▶ _Required work_:
Leaving out the pictures, output the lines from the one that contains "음악, 컴퓨터, 미술, 체육" through the end of the material, exactly as they stand.

▶ _Supplied data_:
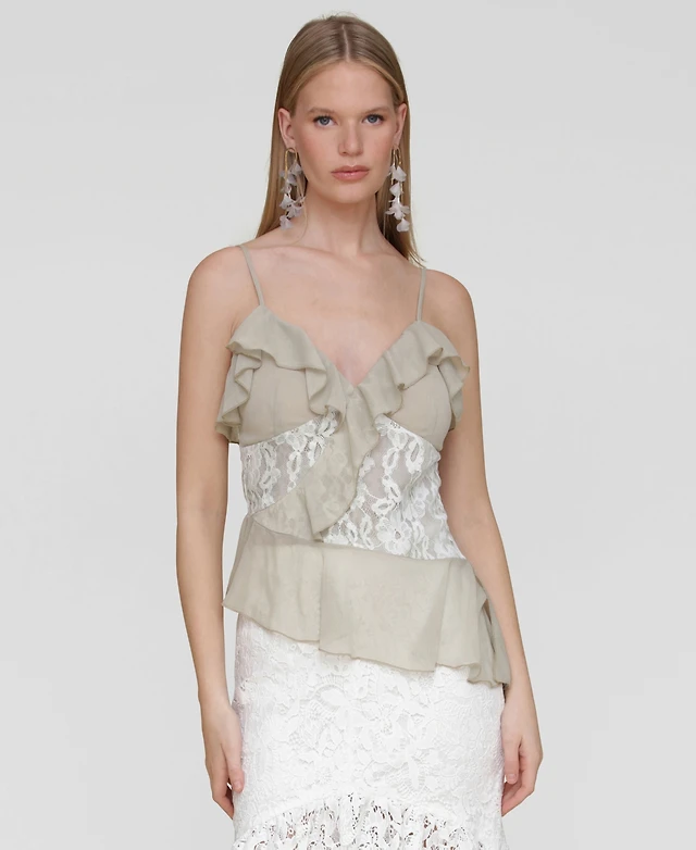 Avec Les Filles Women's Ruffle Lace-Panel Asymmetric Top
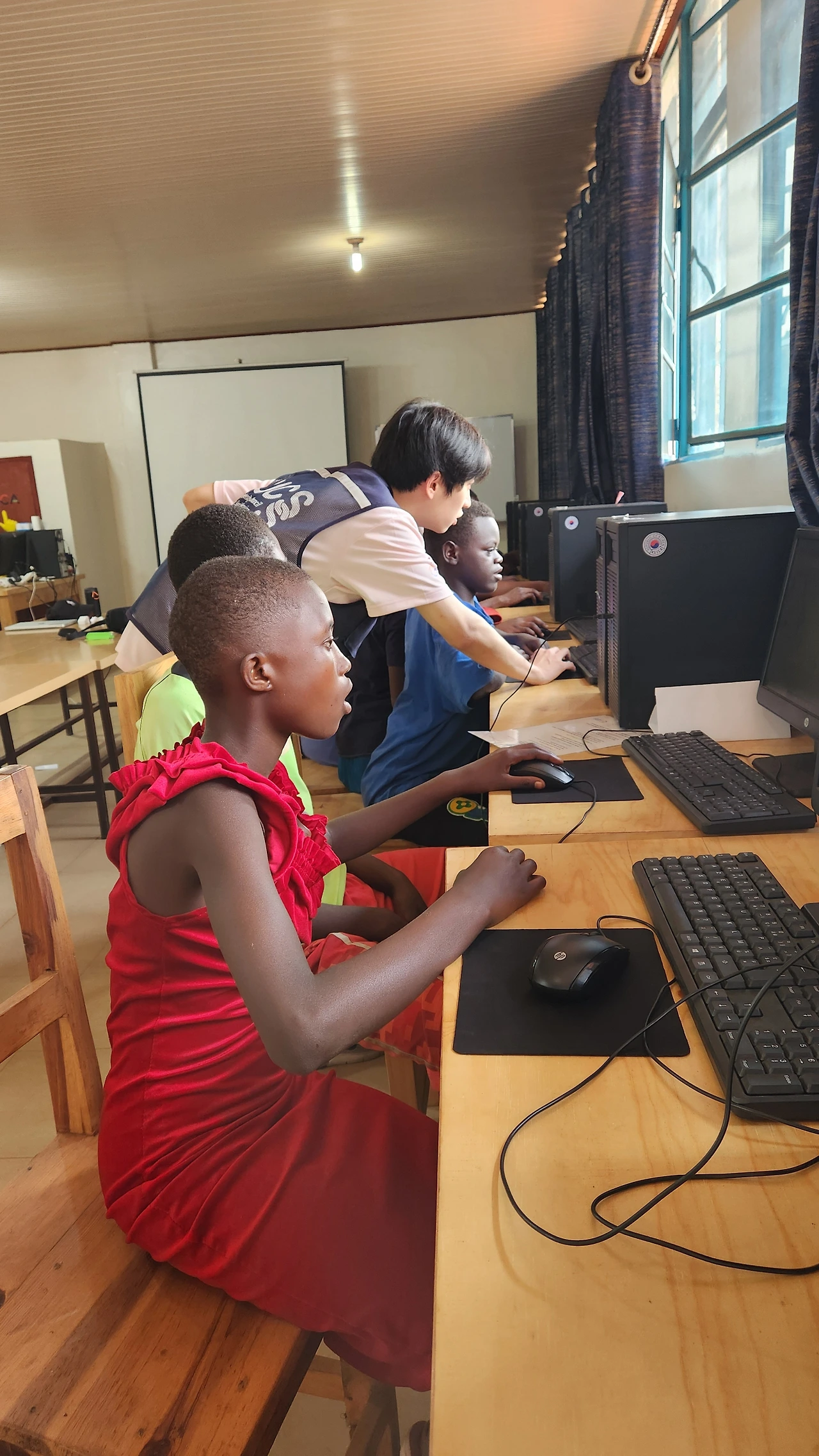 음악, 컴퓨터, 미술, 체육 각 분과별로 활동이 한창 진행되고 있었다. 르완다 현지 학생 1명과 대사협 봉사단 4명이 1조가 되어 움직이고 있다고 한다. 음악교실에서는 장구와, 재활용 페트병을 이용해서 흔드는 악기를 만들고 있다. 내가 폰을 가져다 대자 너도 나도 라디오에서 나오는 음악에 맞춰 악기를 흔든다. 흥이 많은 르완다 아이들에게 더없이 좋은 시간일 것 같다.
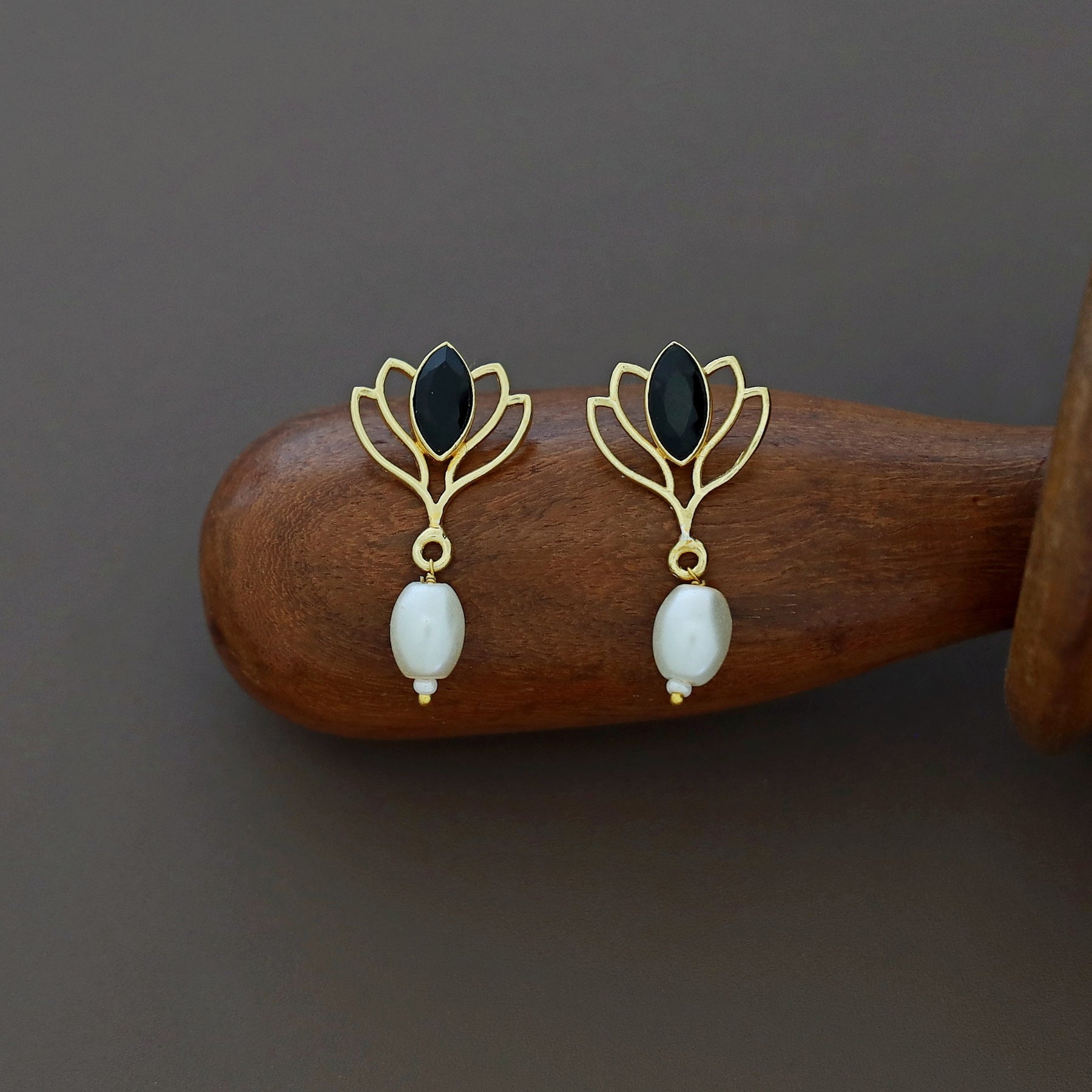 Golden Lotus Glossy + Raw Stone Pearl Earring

▶ _Result for this task_:
 음악, 컴퓨터, 미술, 체육 각 분과별로 활동이 한창 진행되고 있었다. 르완다 현지 학생 1명과 대사협 봉사단 4명이 1조가 되어 움직이고 있다고 한다. 음악교실에서는 장구와, 재활용 페트병을 이용해서 흔드는 악기를 만들고 있다. 내가 폰을 가져다 대자 너도 나도 라디오에서 나오는 음악에 맞춰 악기를 흔든다. 흥이 많은 르완다 아이들에게 더없이 좋은 시간일 것 같다.
 Golden Lotus Glossy + Raw Stone Pearl Earring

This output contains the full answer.